Entries shown:
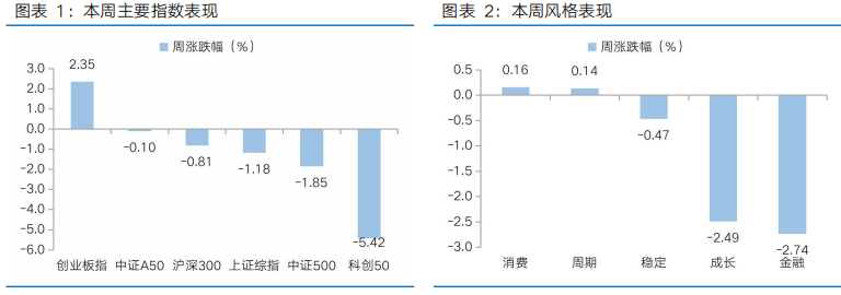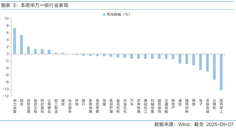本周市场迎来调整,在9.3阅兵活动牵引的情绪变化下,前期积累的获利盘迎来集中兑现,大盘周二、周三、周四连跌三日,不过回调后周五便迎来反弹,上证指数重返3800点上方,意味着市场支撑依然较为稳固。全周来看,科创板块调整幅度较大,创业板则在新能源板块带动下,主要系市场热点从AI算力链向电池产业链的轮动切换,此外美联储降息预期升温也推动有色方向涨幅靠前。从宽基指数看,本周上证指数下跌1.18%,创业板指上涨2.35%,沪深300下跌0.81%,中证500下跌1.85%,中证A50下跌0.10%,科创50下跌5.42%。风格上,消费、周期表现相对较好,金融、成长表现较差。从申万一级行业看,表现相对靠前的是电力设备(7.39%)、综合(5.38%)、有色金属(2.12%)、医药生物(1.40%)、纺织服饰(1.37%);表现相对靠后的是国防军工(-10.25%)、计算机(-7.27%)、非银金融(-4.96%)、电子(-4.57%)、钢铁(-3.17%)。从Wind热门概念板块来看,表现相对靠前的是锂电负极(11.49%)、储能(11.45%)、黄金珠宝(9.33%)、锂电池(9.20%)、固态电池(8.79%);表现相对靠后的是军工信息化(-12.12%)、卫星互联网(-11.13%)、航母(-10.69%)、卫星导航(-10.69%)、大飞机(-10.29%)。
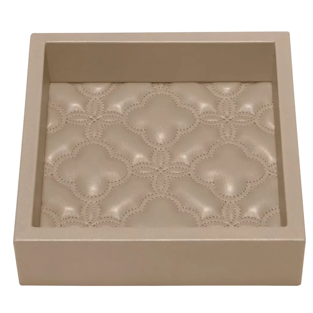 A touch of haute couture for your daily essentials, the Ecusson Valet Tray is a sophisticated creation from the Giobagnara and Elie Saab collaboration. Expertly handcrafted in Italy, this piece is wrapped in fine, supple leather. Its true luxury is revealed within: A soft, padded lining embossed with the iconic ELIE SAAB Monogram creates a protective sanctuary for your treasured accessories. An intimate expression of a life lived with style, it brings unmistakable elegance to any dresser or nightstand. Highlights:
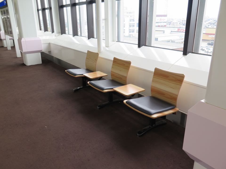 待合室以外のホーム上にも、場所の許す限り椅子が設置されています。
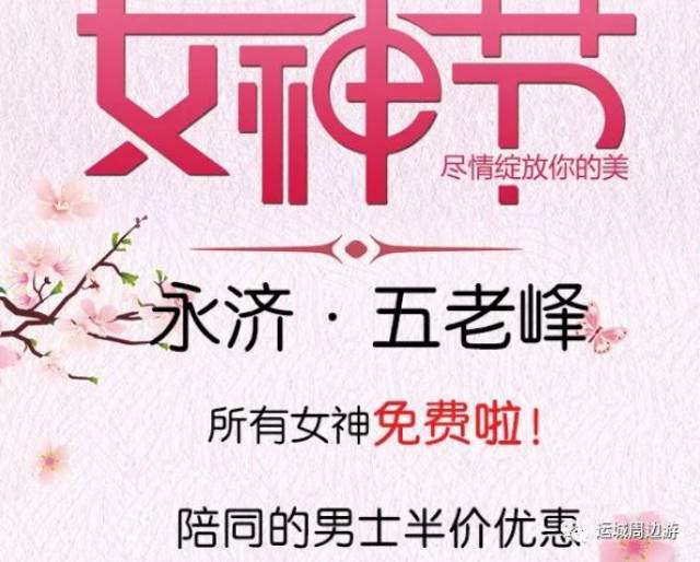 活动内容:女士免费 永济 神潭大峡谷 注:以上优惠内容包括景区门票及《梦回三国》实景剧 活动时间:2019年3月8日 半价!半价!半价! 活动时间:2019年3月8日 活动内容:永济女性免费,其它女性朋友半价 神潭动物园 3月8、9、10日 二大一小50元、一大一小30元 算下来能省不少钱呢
...
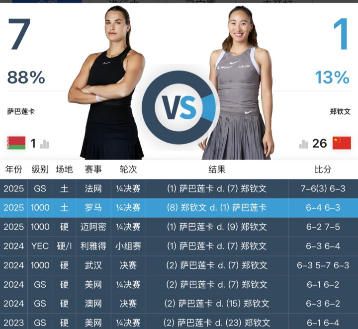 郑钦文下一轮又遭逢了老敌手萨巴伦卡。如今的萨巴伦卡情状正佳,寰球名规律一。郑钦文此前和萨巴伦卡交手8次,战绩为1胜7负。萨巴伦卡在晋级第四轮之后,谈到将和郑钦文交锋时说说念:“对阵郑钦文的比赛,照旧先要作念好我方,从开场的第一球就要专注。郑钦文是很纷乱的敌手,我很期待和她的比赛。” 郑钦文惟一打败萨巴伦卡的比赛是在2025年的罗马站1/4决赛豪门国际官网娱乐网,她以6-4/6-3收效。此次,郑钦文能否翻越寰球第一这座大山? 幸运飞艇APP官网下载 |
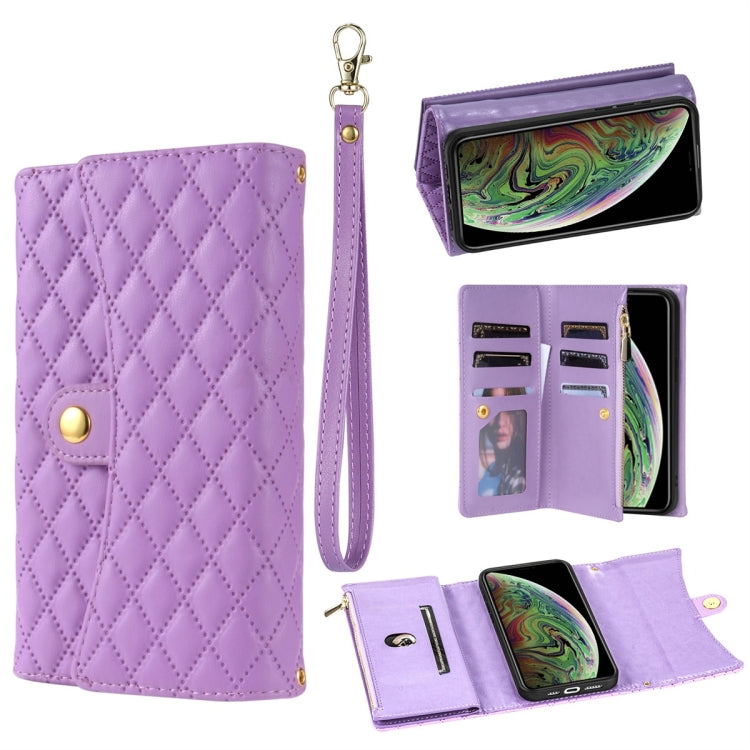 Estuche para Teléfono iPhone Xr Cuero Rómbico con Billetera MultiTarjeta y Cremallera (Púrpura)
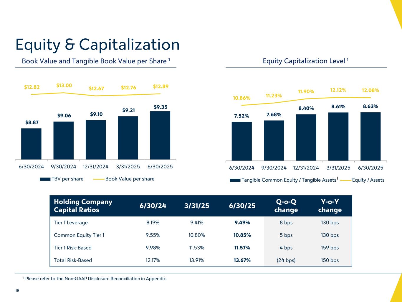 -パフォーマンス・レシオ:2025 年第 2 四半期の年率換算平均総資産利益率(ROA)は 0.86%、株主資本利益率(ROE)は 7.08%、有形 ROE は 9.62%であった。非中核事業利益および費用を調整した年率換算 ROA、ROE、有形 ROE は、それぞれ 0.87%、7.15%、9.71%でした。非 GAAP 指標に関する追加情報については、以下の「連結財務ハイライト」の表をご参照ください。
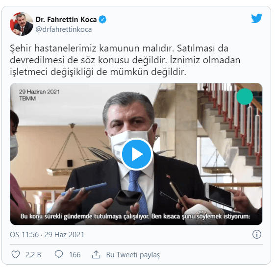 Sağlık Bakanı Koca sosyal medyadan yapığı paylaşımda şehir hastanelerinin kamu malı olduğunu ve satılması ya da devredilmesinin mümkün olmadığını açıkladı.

Task objective: Within the entries above, the lines from the one containing "待合室以外のホーム上にも、場所の許す限り椅子が設置されています。" through the one containing "活动内容:女士免费 永济 神潭大峡谷" are to be transcribed exactly, ends included, pictures excluded.

Response:
 待合室以外のホーム上にも、場所の許す限り椅子が設置されています。
 活动内容:女士免费 永济 神潭大峡谷 注:以上优惠内容包括景区门票及《梦回三国》实景剧 活动时间:2019年3月8日 半价!半价!半价! 活动时间:2019年3月8日 活动内容:永济女性免费,其它女性朋友半价 神潭动物园 3月8、9、10日 二大一小50元、一大一小30元 算下来能省不少钱呢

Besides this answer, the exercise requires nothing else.